As for “America born-and-raised,” the Minnesota Museum of American Art in downtown St. Paul is the only museum in the state solely dedicated to American art. Primarily focusing on exhibitions and research, the museum represents the cultural, racial and regional diversity of American art and artists, with retrospectives of such giants as Norman Rockwell and lesser-known local artists.
Old Man River cuts through our state and once attracted French fur traders, Union soldiers and flour industry workers. We’re also famous for General Mills, the Golden Gophers and Post-Its. Keeping all this history in check is quite a job for the Minnesota Historical Society. Fortunately, the cultural institution has been around since 1849—nine years before Minnesota even became a state. Eventually the society needed a place to hold its many collections. Hence, the Minnesota History Center was built in downtown St. Paul in 1992. From exhibits on Bob Dylan, Prince and other Minnesota musicians, to the stories of ethnic settlements and agriculture, as well as impressive temporary and traveling exhibitions throughout the year, this is an interactive, cleverly done museum that makes everyone’s history seem personal.
Of further historical significance to the Twin Cities is the flour milling industry that fueled Minneapolis’ growth, earning us the “Mill City” moniker. The Washburn A Mill was the largest flourmill in the world and the most technically advanced at the industry’s peak. The local milling industry began its decline after World War I and—as the industry moved out of town—the old mills fell into disuse.
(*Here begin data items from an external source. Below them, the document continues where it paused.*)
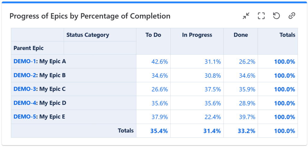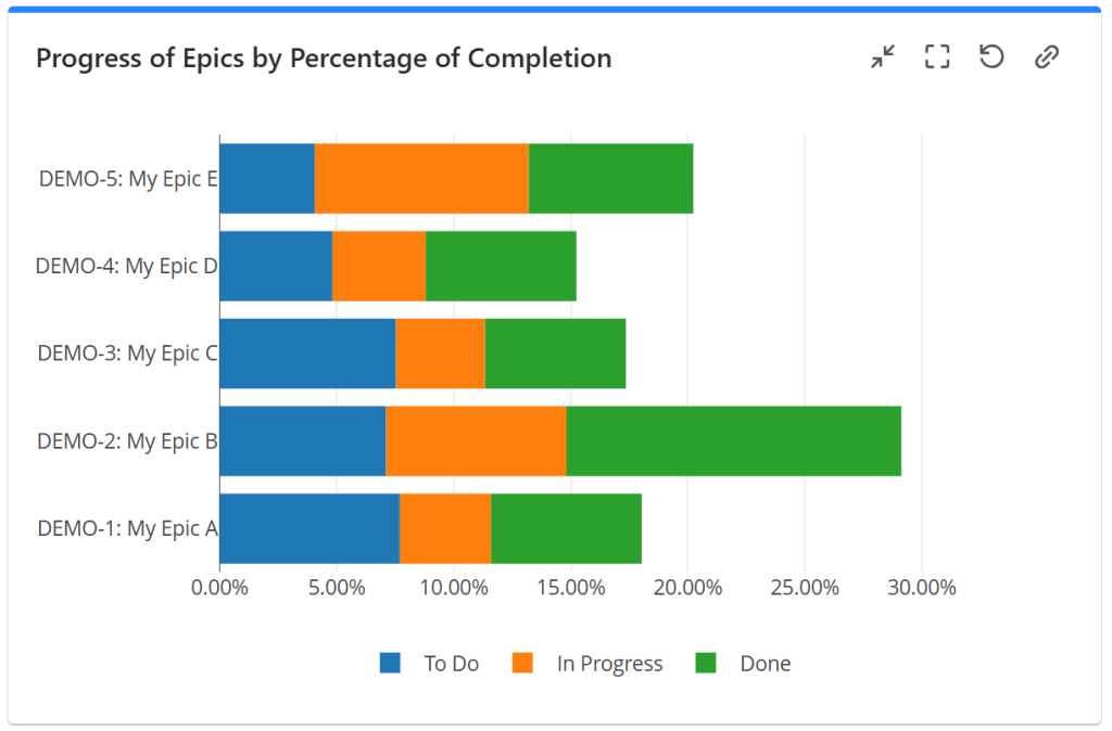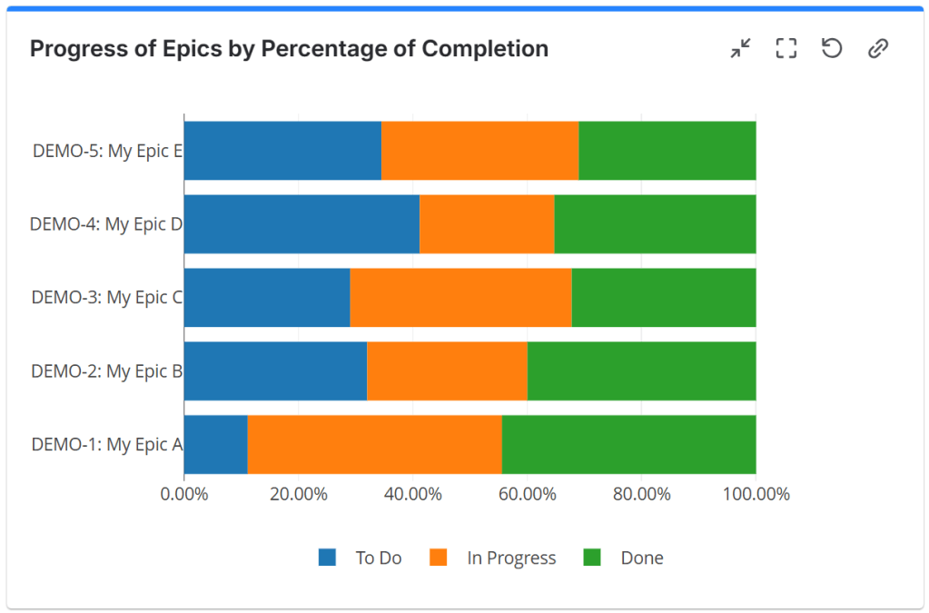 In this example, the progress is calculated as a percentage of Story Points in each Status Category.
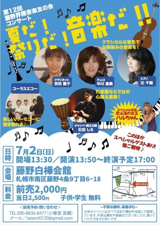 7/2(日)第12回藤野界隈音楽友の会コンサート 夏だ!まつりだ!音楽だ!!
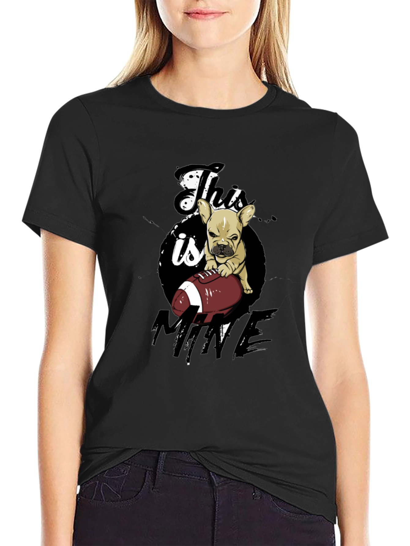 Score big with this eye-catching black t-shirt featuring a determined bulldog perched atop a football. The design boldly declares "This is Mine!" making it a playful and spirited choice for sports enthusiasts and dog lovers alike. Crafted from a comfortable, breathable fabric, this tee is perfect for casual wear, game days, or showing off your unique style. The crisp graphic print ensures a lasting impression, while the classic fit provides all-day comfort. Grab yours today and let everyone know who the real MVP is!
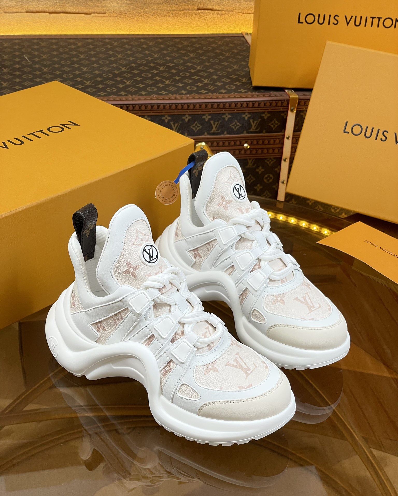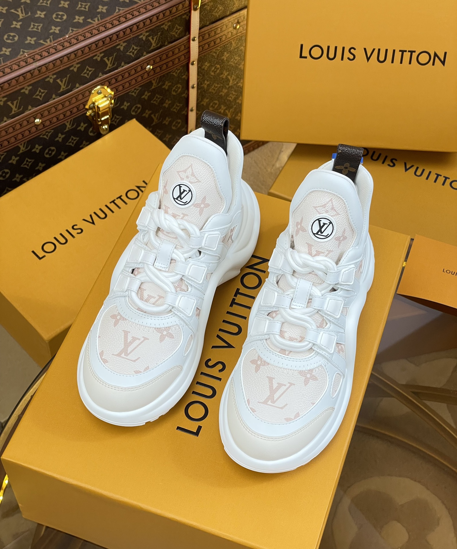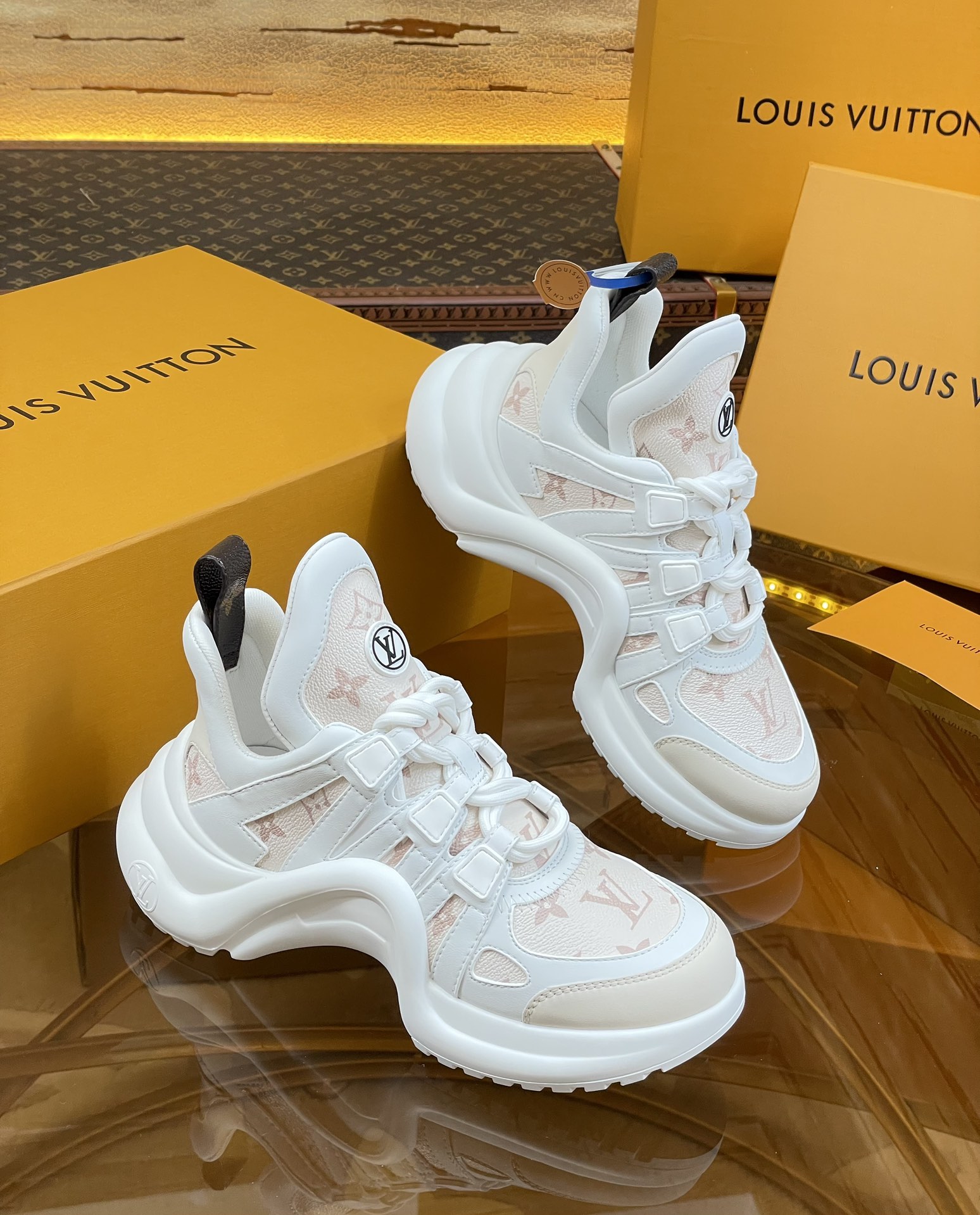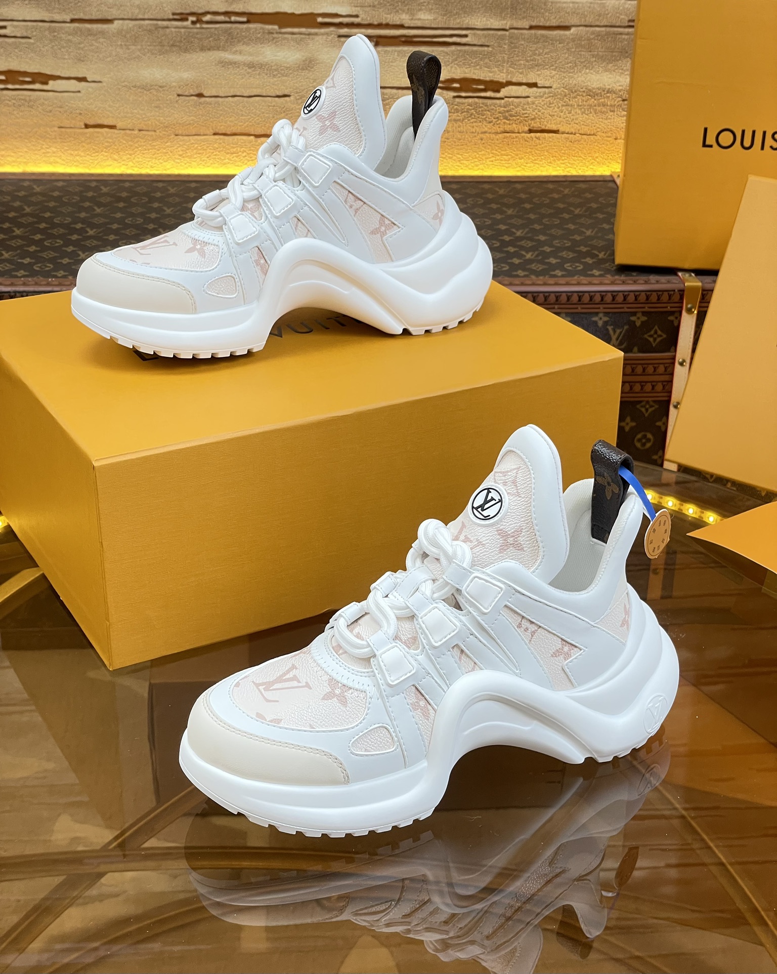 這款鞋子是AAAAA 1:1 質量(非常棒). 使用了和原版一模一樣的材料. 商標部分也保持了和路易威登/Louis Vuitton一樣. 圖片拍攝是實物鞋子拍攝, 您所收到的實物保證和我們圖片一模一樣.
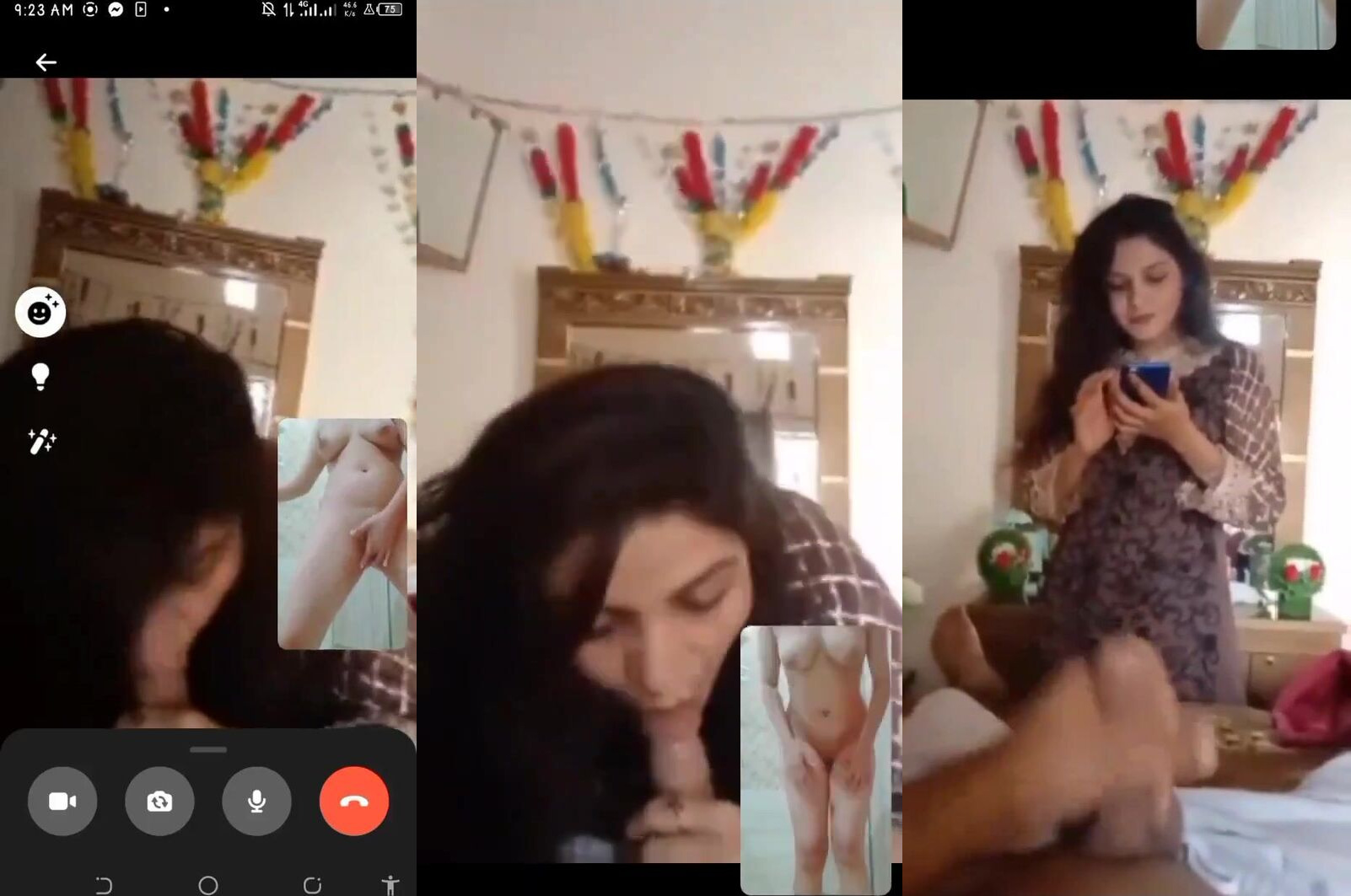 Desi incest sex video mai dekhe jawan sundar ladki apne chachere bhai ka bada lund ko chuske usko blowjob ka maja de rahi hai. Wahi uska cousin bhai lunr chusaane ka maja lete hue apni gf se videocall mai sex chat kar raha hai. Ladki ke ghar pe kisi chij ka function tha or uska chachera bhai bhi waha pe aaya tha. Function khatam hone ke baad sab apne apne ghar pe gaye lekin ladka aaj wahi pe ruka. In do bhai bahan ke bich mai gahari dosti thi to ladka apni cousin ke sath baat karte hue uske room mai hi baitha tha. Dono baat hi kar rahe the ki ladke ke mobile pe uski gf ka videocall aaya or dono sex chat karne lage. Ladki bhi side mai baith dono ka sex chat dekhte hue maje le rahi thi. Ladke ka lund bhi puri trha khada ho chuka tha videocall mai apni gf ke nangi badan ko dekh. Uske gf usko apne bade boobs or apni chut mai ungli karte hue dikha rahi thi to ladke ka lund khada hua to wo apni bahan ke aage hi apna lund nikaal hilaane laga. Apne bhai ka bada lund dekh ladki apne aap ko apne chachere bhai ka lund dekh apne aap ko rok nahi paai or wo uska lund pakad hilaane lagi. Lund ko handjob dete hue ladki nai uske lund ko muh mai leti hai or usko blowjob dene lagti hai. Ladki ko apne cousin ka bada lund itna jyada psand aaya ki wo apna mobile nikaal apne bhai ka lund ka photo kichne lagi maja le aap sab log bhi is desi incest sex
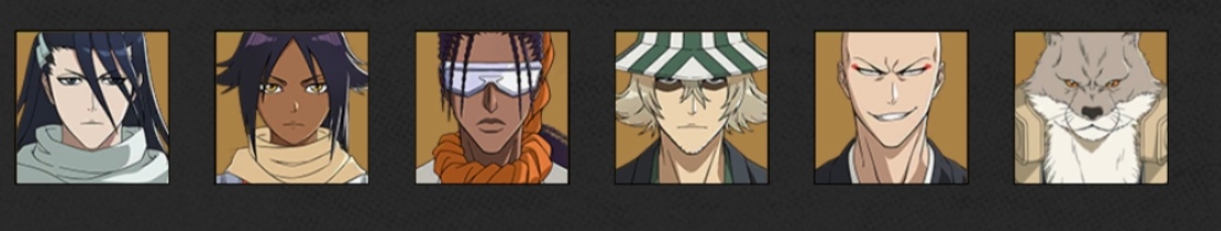 ④夜一。⑤斑目一角。⑥朽木白哉。
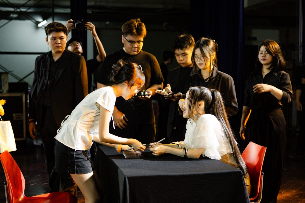 Khép lại buổi họp mặt ấm cúng và vui nhộn, nữ ca sĩ dành tặng những cái ôm, lời hỏi thăm cho từng fan. Không ít bạn trẻ bật khóc vì xúc động khi được đến gần cô gái họ yêu mến. Có người thổ lộ ấp ủ giấc mơ trở thành ca sĩ, ước mong một ngày đứng chung sân khấu với Han Sara.
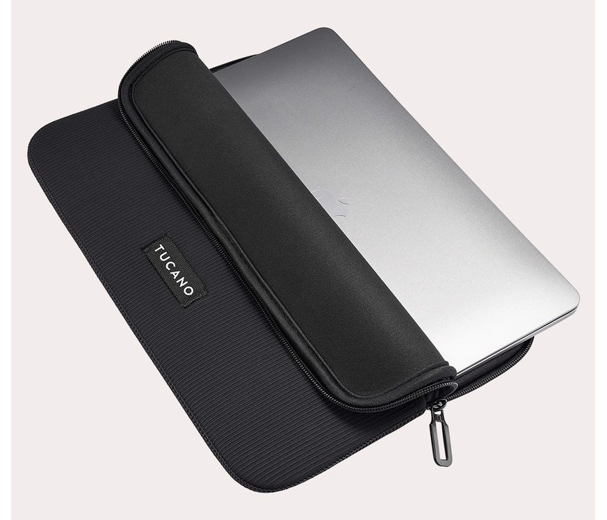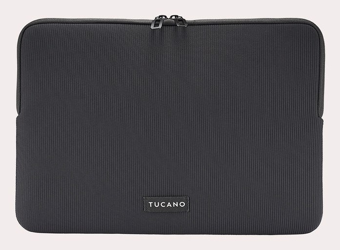 Custodia in neoprene con motivo a righe, progettata per laptop e MacBook. La struttura da 4 mm garantisce un’eccellente protezione, mantenendo un profilo ultra-sottile grazie alle cuciture Flat-lock. Dotata di Anti-Slip System®, un inserto elastico che previene graffi e scivolamenti. Il bordo protettivo interno offre una protezione aggiuntiva, mentre la zip con doppio tiretto facilita l’apertura. Il logo, stampato su un’etichetta in nastro cucita centralmente, aggiunge un tocco di design distintivo e di personalità. Realizzata in parte con plastica riciclata.
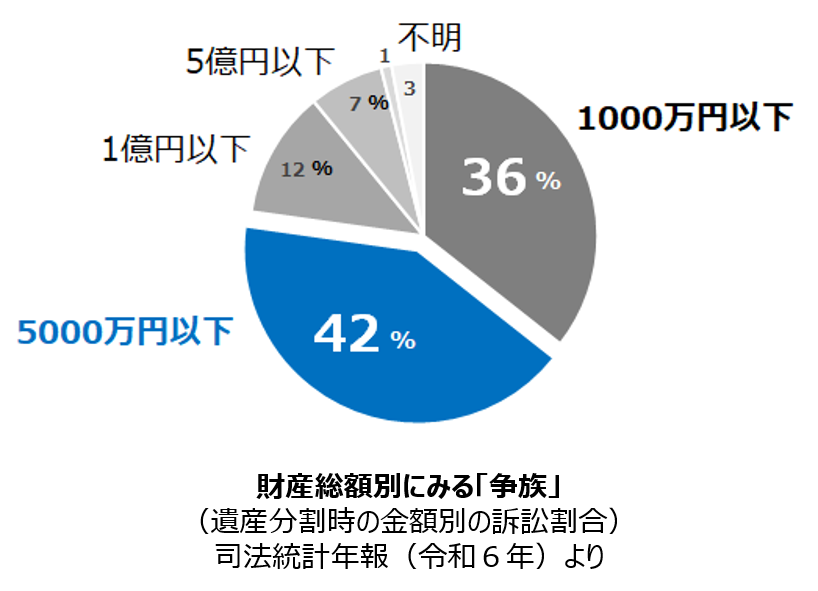 司法統計年報(令和6年)によりますと、財産総額別にみる「争族」(遺産分割時の金額別の訴訟割合)は下図の通り、5千万円以下が約80%占めています。相続財産が少ない場合でも「争族」になる可能性があります。

The Washburn A Mill closed in 1965 and was nearly destroyed by fire in 1991. Built within the charred ruins of the historic mill, the Mill City Museum chronicles Minneapolis’ flour industry and the impact it made on the region, the nation and the world. Interactive displays bring the story to life, while an observation deck supplies spectacular views of the Riverfront District.
If you’re a parent, chances are your kids learn best through play. If so, you’d be wise to work the Minnesota Children’s Museum into your Twin Cities itinerary. Infants to pre-teens will discover their own path to fun through seven lively galleries and a Rooftop ArtPark, all providing memorable sensory activities in the heart of downtown St. Paul.
Other must-sees include the American Museum of Asmat Art in St. Paul and the Hennepin History Museum in Minneapolis, along with the Bell Museum of Natural History and the Goldstein Museum of Design, located on the University of Minnesota’s Minneapolis and St. Paul campuses, respectively. Indeed, from ancient ruins to pop art prints to every treasure in between, the Twin Cities puts world history and culture on dazzling display.